Life Skills Therapy and Substance Abuse Treatment

The things individuals learn as part of life skills therapy can be incredibly generalized and broad—how to be confident or how to respond to bullying—or more specific and involve developing certain skills—cooking a meal or dental hygiene. Especially in instances where addicts have not learned the necessary skills to be independent upon reintegration into the community, it’s important for those in recovery to learn basic and essential life skills, the absence of which could be a trigger for relapse. Some of the most common skills that are taught to those in recovery as part of life skills therapy include cooking and preparing meals, how to budget and spend money wisely, tips for saving money, strategies for maintaining physical health, how to maintain the different areas of the home, and other such necessities of independence. However, the skills afforded by life skills therapy can also include such things as learning to cope with stress and anxiety, coping with loss or losing, how to overcome shyness, how to respond to bullying, being able to take turns, building and maintaining friendships, how to participate in romantic relationships, how to make choices by weighing consequences and outcomes, finding time for relaxation and leisure, self-regulation and self-control, and so on.

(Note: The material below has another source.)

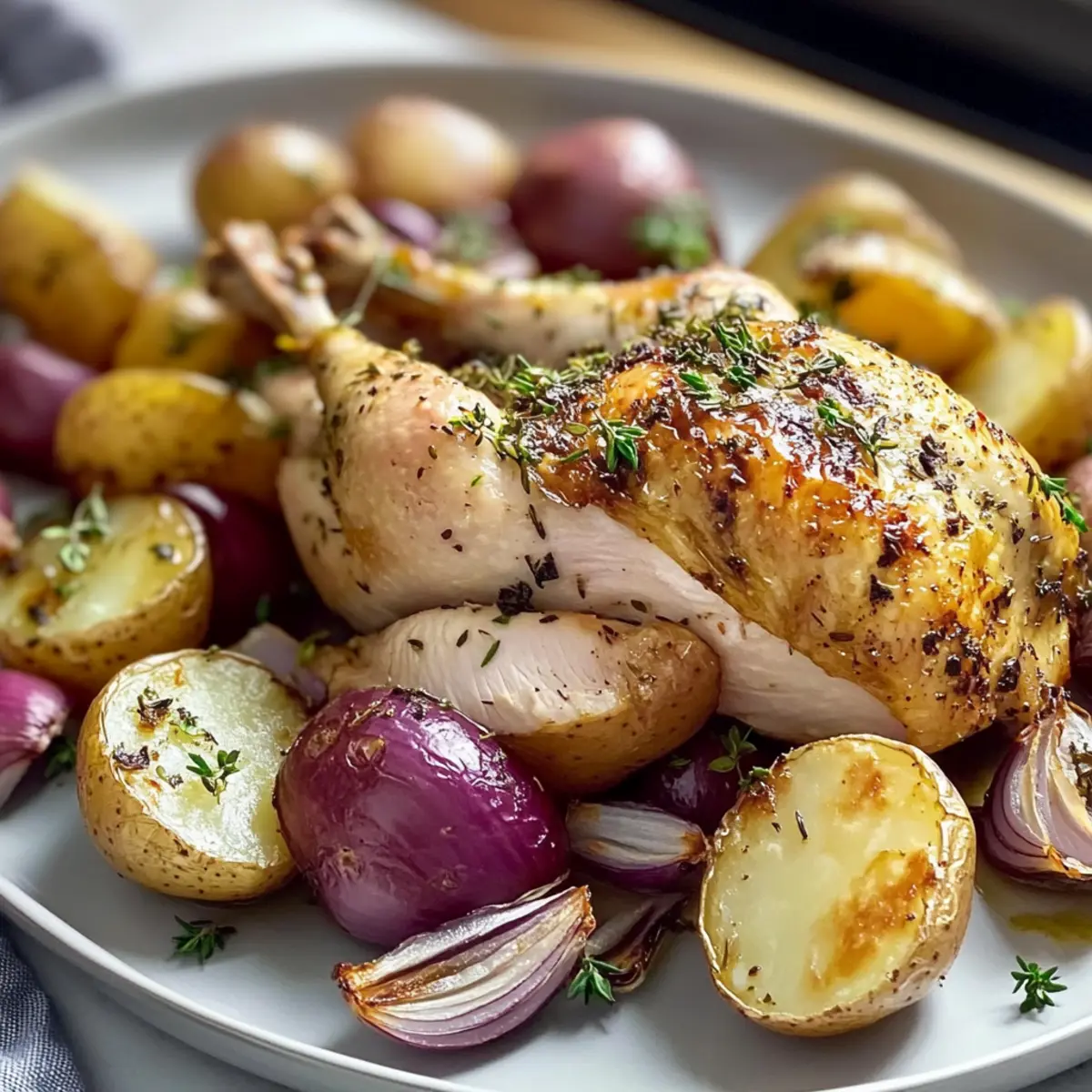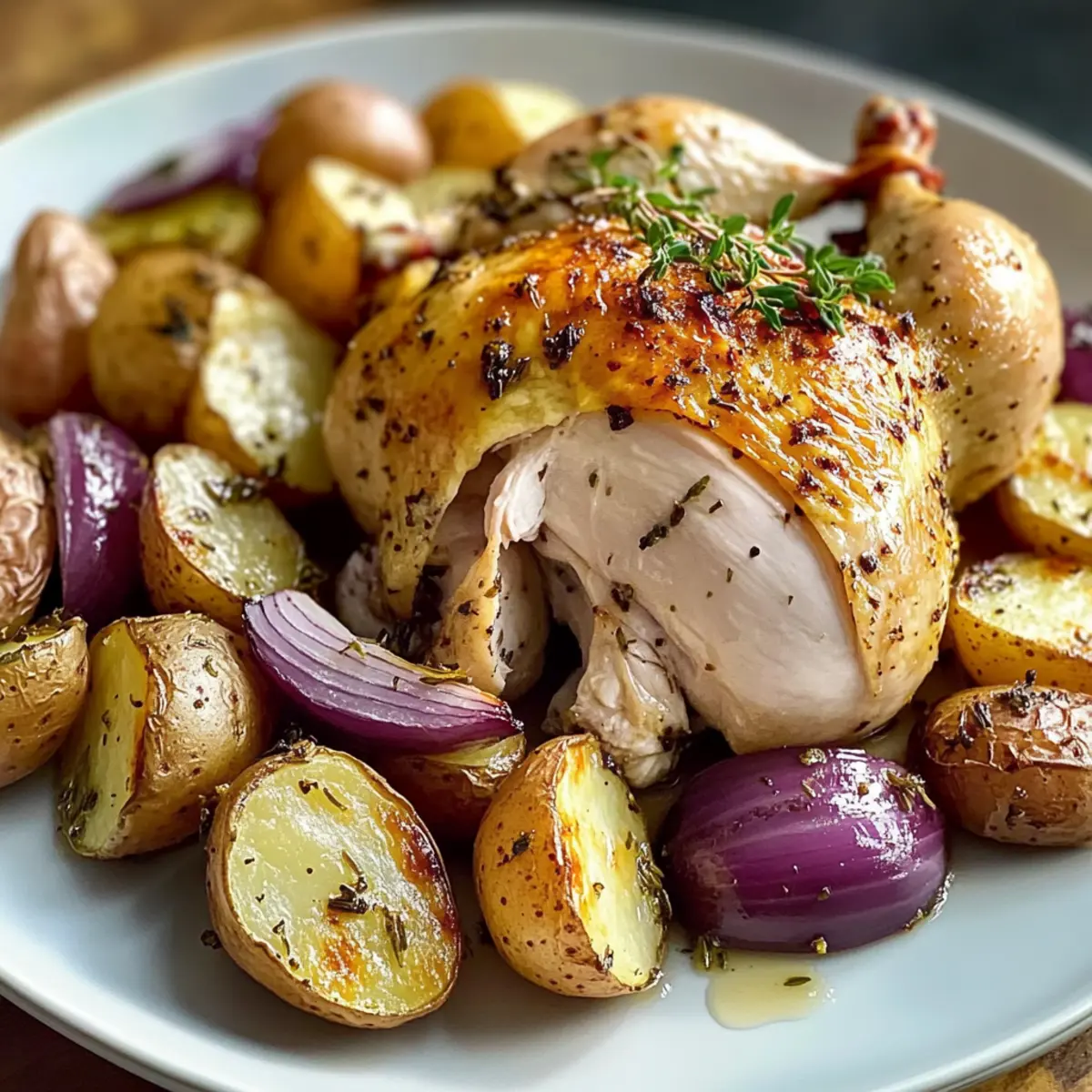 Als ich neulich in meiner Küche stand und den verlockenden Duft von bratenem Hähnchen wahrnahm, wurde mir klar: Es gibt nichts Besseres als ein perfektes Brathähnchen und Gemüse Rezept für einen gemütlichen Abend mit Freunden oder der Familie. Dieses Rezept vereint ein ganzes Hähnchen mit knuspriger, goldener Haut und zartem Fleisch, garniert mit aromatischen, perfekt gerösteten Baby-Kartoffeln, roten Zwiebeln und Knoblauch. Es ist nicht nur ein wahrer Publikumsliebling dank seiner unkomplizierten Zubereitung, sondern auch äußerst vielseitig – du kannst die Gewürze und Gemüse nach Belieben anpassen. Wer kann da widerstehen? Lass uns gemeinsam in die Welt der Aromen eintauchen und herausfinden, wie du dieses Gericht zum Strahlen bringst! Warum lieben alle dieses Rezept? Vielseitigkeit: Dieses Rezept ermöglicht es dir, mit verschiedenen Gemüsesorten und Gewürzen zu experimentieren. Du kannst es ganz nach deinem Geschmack anpassen, sei es mit saisonalen Karotten oder würzigen Kräutern wie Oregano. Einfachheit: Es ist unkompliziert in der Zubereitung und erfordert nur grundlegende Fertigkeiten, sodass du mehr Zeit für deine Gäste hast. Aromatische Kombination: Der verlockende Duft von knusprigem Hähnchen und geröstetem Gemüse zieht jeden in seinen Bann und sorgt für ein echtes Wohlfühl-Feeling. Perfekte Textur: Das Hähnchen hat eine goldene, knusprige Haut und zartes, saftiges Fleisch – der Traum eines jeden Fleischliebhabers. Du kannst es perfekt mit einer leichten Beilage wie einem frischen Salat oder quinoa kombinieren. Familienfreundlich: Dieses Gericht ist ideal für Familienessen und wird deine Liebsten begeistern! Es ist nicht nur einfach, sondern auch sättigend und gesund. Perfekte Brathähnchen und Gemüse Zutaten • Diese Zutatenliste führt alles auf, was du für das perfekte Brathähnchen und Gemüse Rezept benöt. Für das Hähnchen Ganzes Hähnchen – Die Hauptquelle für Geschmack; greife zu Bio- oder Freilandhähnchen für besten Genuss. Olivenöl – Sorgt für Feuchtigkeit und knusprige Haut; kann durch Avocadoöl ersetzt werden. Meersalz – Verbessert den Gesamtgeschmack; grobes Meersalz ist eine gute Alternative. Schwarzer Pfeffer – Bringt Wärme; frisch gemahlen für optimale Ergebnisse. Zerstoßene Fenchelsamen – Fügt einen einzigartigen, aromatischen Geschmack hinzu; Anissamen sind ein passender Ersatz. Zerstoßene rote Paprika – Gibt eine Prise Schärfe; je nach Vorliebe anpassen oder weglassen. Für das Gemüse Baby-Kartoffeln – Herzhaft und sättigend; verwende Yukon Gold oder rotfleischige Kartoffeln. Rote Zwiebel – Sorgt für Süße beim Rösten; weiße Zwiebeln sind ebenfalls brauchbar. Knoblauchzehen – Verstärkt den Geschmack mit Süße; ganze Köpfe sorgen für einen milderen Knoblauchgeschmack. Frischer Thymian – Bringt Frische und passt hervorragend zum Hähnchen; kann durch Rosmarin ersetzt werden. Frische Petersilie – Optional für ein wenig Frische; Koriander bietet eine andere Geschmacksrichtung. Zitronenschnitze – Optional beim Servieren; liefern Säure und Frische, wenn sie über das Gericht gedrückt werden. Jetzt sind wir bereit, dieses köstliche, perfekt gebratene Hähnchen zuzubereiten und die bezaubernden Aromen in deiner Küche zu genießen! Schritt-für-Schritt-Anleitung für das Perfekte Brathähnchen und Gemüse Rezept Schritt 1: Hähnchen vorbereiten Das ganze Hähnchen gut trocken tupfen, damit die Haut knusprig wird. Anschließend mit Olivenöl einreiben und großzügig mit Meersalz, schwarzem Pfeffer, zerstoßenem Fenchel und zerstoßener roter Paprika sowohl unter als auch auf der Haut würzen. Diese aromatische Vorbereitung sorgt für ein geschmackvolles und saftiges Ergebnis. Schritt 2: Gemüse zubereiten In einer Schüssel die Baby-Kartoffeln, roten Zwiebeln und Knoblauchzehen mit Olivenöl, frischem Thymian und Meersalz gut vermischen, bis alles gleichmäßig beschichtet ist. Diese aromatische Mischung wird das Gemüse während des Röstens perfekt zu dem Hähnchen ergänzen und sorgt für eine köstliche Beilage. Schritt 3: Alles braten Das gewürzte Hähnchen mit der Brustseite nach oben in eine Bratpfanne legen und das préparierte Gemüse rundherum anordnen. Den Ofen auf 220°C vorheizen und das Hähnchen für ca. 1 Stunde und 20 Minuten braten, bis die Innentemperatur des Hähnchens 74°C erreicht. Nach der Hälfte der Zeit das Gemüse vorsichtig durchmischen, um eine gleichmäßige Röstung sicherzustellen. Schritt 4: Hähnchen ruhen lassen Nach dem Braten das Hähnchen für 10-15 Minuten ruhen lassen, damit die Säfte sich gleichmäßig verteilen. Während das Hähnchen ruht, das Gemüse locker mit Folie abdecken, damit es warm und saftig bleibt. Diese Ruhezeit ist entscheidend für ein zartes und saftiges Ergebnis. Schritt 5: Servieren Das perfekte Brathähnchen in Stücke schneiden und zusammen mit dem aromatischen Gemüse anrichten. Nach Belieben mit frischen Kräutern und Zitronenschnitzen garnieren, um einen zusätzlichen Frischekick hinzuzufügen. Dieses köstliche Gericht passt hervorragend zu einem leichten Salat oder knusprigem Brot und sorgt für ein rundum gelungenes Familienessen. Lagerungstipps für das perfekte Brathähnchen und Gemüse Rezept Raumtemperatur:: Serviere das Gericht frisch und heiß, aber lasse Reste nicht länger als 2 Stunden bei Raumtemperatur stehen, um die Lebensmittelsicherheit zu gewährleisten. Kühlschrank:: Bewahre übrig gebliebene Portionen in einem luftdichten Behälter im Kühlschrank auf und genieße sie innerhalb von 3 Tagen, um die beste Qualität zu gewährleisten. Gefrierschrank:: Friere das Hähnchen und Gemüse getrennt in Gefrierbeuteln oder -behältern ein. So kannst du die Qualität bis zu 3 Monate lang bewahren, da das Gemüse beim Auftauen möglicherweise seine Textur verliert. Wiedererwärmen:: Erhitze das Gericht im Ofen bei 175°C für 15-20 Minuten, abgedeckt mit Alufolie, um die Feuchtigkeit zu halten und das Aroma d

Each individual participating in life skills therapy will be coming from a different, unique background, which means that they will each have different needs. The offerings of a life skills session tend to be based on an assessment of the participants so that the facilitator or instructor can teach the life skills that are most needed by the group’s participants. Additionally, since it’s a form of group counseling life skills therapy offers individuals a social component to the experience as well, which encourages them to socialize with one another and help one another to hone the skills they are learning. While the intent of life skills therapy is to teach individuals to be independent and self-sufficient, the ultimate goal is for individuals to become adept at self-care so that they will be better prepared to cope with adversity and stress while maintaining sobriety after treatment.

Benefits of Life Skills Therapy for Addiction

Similar to the effect that substance abuse has on one’s ability to sleep, substance abuse often has a major effect on an addict’s nutrition. Whether a drug causes an individual to overeat or malnourishment by eliminating any semblance of appetite, addicts tend to have very poor eating habits, which is learning proper nutrition and eating habits is an important part of life skills therapy. It’s essential for individuals to give their bodies much-needed nutrition from quality food. While proper nutrition has been shown to improve mental functioning, healthy eating habits can significantly reduce risk of numerous health conditions as well.

As human beings, we each have a number of needs that must be met. While the most obvious include maintaining a healthy diet and getting adequate sleep, many of us also have specific health needs that must be addressed. In life skills therapy, individuals are discouraged from ignoring health problems or other bodily needs as they would while in active addiction. Especially for those with co-occurring, or comorbid, conditions like diabetes or a mental health affliction, individuals must learn the importance of receiving regular care and, when necessary, taking medications to maintain one’s health.